▶ **TASK DESCRIPTION**
Starting at the first line of the material below, retype each line exactly until you reach the line with "85㎡的3房2厅2卫,设计的", which is also included; pictures stay out.

▶ **GIVEN DATA**
:::

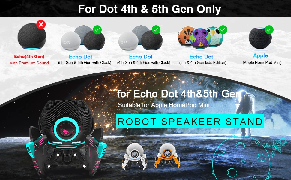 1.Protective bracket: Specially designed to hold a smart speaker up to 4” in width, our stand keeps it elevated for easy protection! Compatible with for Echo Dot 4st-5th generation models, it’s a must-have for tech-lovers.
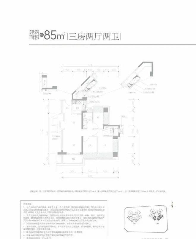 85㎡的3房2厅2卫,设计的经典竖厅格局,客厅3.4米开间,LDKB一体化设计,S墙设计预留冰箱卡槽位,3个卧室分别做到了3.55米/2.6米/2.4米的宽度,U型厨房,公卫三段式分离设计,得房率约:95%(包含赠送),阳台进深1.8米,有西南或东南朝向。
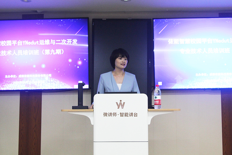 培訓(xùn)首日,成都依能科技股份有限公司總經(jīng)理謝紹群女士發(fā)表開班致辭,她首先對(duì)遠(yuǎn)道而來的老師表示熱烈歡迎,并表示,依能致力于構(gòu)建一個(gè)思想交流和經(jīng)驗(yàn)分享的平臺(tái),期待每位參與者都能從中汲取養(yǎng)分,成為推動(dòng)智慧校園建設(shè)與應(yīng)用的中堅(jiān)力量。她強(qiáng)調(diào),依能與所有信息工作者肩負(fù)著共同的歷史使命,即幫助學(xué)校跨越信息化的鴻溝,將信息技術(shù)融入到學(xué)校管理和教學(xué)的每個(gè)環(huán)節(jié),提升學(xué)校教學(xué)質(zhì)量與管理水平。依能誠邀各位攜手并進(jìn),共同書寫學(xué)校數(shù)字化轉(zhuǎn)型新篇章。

:::

▶ **SOLUTION FOR THIS PROBLEM**
 1.Protective bracket: Specially designed to hold a smart speaker up to 4” in width, our stand keeps it elevated for easy protection! Compatible with for Echo Dot 4st-5th generation models, it’s a must-have for tech-lovers.
 85㎡的3房2厅2卫,设计的经典竖厅格局,客厅3.4米开间,LDKB一体化设计,S墙设计预留冰箱卡槽位,3个卧室分别做到了3.55米/2.6米/2.4米的宽度,U型厨房,公卫三段式分离设计,得房率约:95%(包含赠送),阳台进深1.8米,有西南或东南朝向。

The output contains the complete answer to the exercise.